The constants for these were auto-generated from the C includes into zerrors_linux* files quite some time ago. The generator is currently broken, but some new flags need to be added nevertheless. As the flags won't change and the values are the same for all architectures, we can just define them statically (as it's already done in the runtime package): - remove the CLONE_* constants from zerrors_linux_*.go; - patch mkerrors.sh to not generate CLONE_ constants (in case it will be fixed and used in the future); - add the constants and some comments about them to exec_linux.go, using Linux v5.17 include/uapi/sched.h as the ultimate source.

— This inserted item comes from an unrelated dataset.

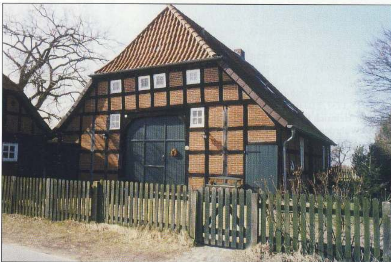
Hofstelle Nr. 53, Zur Weser 7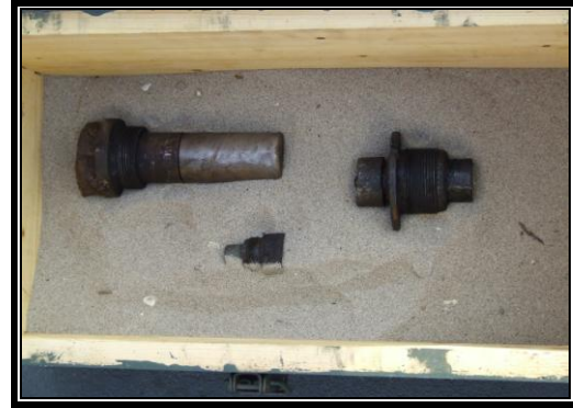
5. ábra: Egy 62 év után hatástalanított GP 500-as ép gyújtószerkezetei 6

A helyi polgári védelmi szervezetek és a polgármesteri hivatal dolgozói közben mindent megtettek a kitelepítettek ellátása érdekében.

This adds the following new flags: - CLONE_CLEAR_SIGHAND - CLONE_INTO_CGROUP - CLONE_NEWCGROUP - CLONE_NEWTIME - CLONE_PIDFD For #51246. Change-Id: I0c635723926218bd403d37e113ee4d62194463a8 Reviewed-on: https://go-review.googlesource.com/c/go/+/407574 Reviewed-by: Ian Lance Taylor <iant@google.com> Run-TryBot: Ian Lance Taylor <iant@google.com> TryBot-Result: Gopher Robot <gobot@golang.org> Reviewed-by: Joedian Reid <joedian@golang.org> Auto-Submit: Ian Lance Taylor <iant@google.com>

Implement CLONE_INTO_CGROUP feature, allowing to put a child in a specified cgroup in a clean and simple way. Note that the feature only works for cgroup v2, and requires Linux kernel 5.7 or newer. Using the feature requires a new syscall, clone3. Currently this is the only reason to use clone3, but the code is structured in a way so that other cases may be easily added in the future. Add a test case. While at it, try to simplify the syscall calling code in forkAndExecInChild1, which became complicated over time because: 1. It was using either rawVforkSyscall or RawSyscall6 depending on whether CLONE_NEWUSER was set. 2. On Linux/s390, the first two arguments to clone(2) system call are swapped (which deserved a mention in Linux ABI hall of shame). It was worked around in rawVforkSyscall on s390, but had to be implemented via a switch/case when using RawSyscall6, making the code less clear. Let's - modify rawVforkSyscall to have two arguments (which is also required for clone3); - remove the arguments workaround from s390 asm, instead implementing arguments swap in the caller (which still looks ugly but at least it's done once and is clearly documented now); - use rawVforkSyscall for all cases (since it is essentially similar to RawSyscall6, except for having less parameters, not returning r2, and saving/restoring the return address before/after syscall on 386 and amd64). Updates #51246. Change-Id: Ifcd418ebead9257177338ffbcccd0bdecb94474e Reviewed-on: https://go-review.googlesource.com/c/go/+/417695 Auto-Submit: Ian Lance Taylor <iant@google.com> Reviewed-by: Michael Knyszek <mknyszek@google.com> Reviewed-by: Ian Lance Taylor <iant@google.com> Run-TryBot: Ian Lance Taylor <iant@google.com> Run-TryBot: Kirill Kolyshkin <kolyshkin@gmail.com> TryBot-Result: Gopher Robot <gobot@golang.org>

zhuangqh · 2023-08-02T02:30:21Z

Can we backport this feature to go1.19? Because linux5.3 has been released in 2019 and go1.20 is too new for us. thanks
@rsc @kolyshkin

kolyshkin · 2023-08-02T02:45:09Z

Can we backport this feature to go1.19? Because linux5.3 has been released in 2019 and go1.20 is too new for us. thanks @rsc @kolyshkin

I'm not a Go maintainer, but I do maintain a bunch of Go packages. From that perspective, I can suggest you to

move to Go 1.20 ASAP (since Go 1.19 won't be supported once Go 1.21 is released later this month);
in general, be proactive about supporting new Go versions (before they are out -- this is what betas and RCs are for);
do not add comments not directly related to the issue being discussed (doing a backport is clearly a separate issue)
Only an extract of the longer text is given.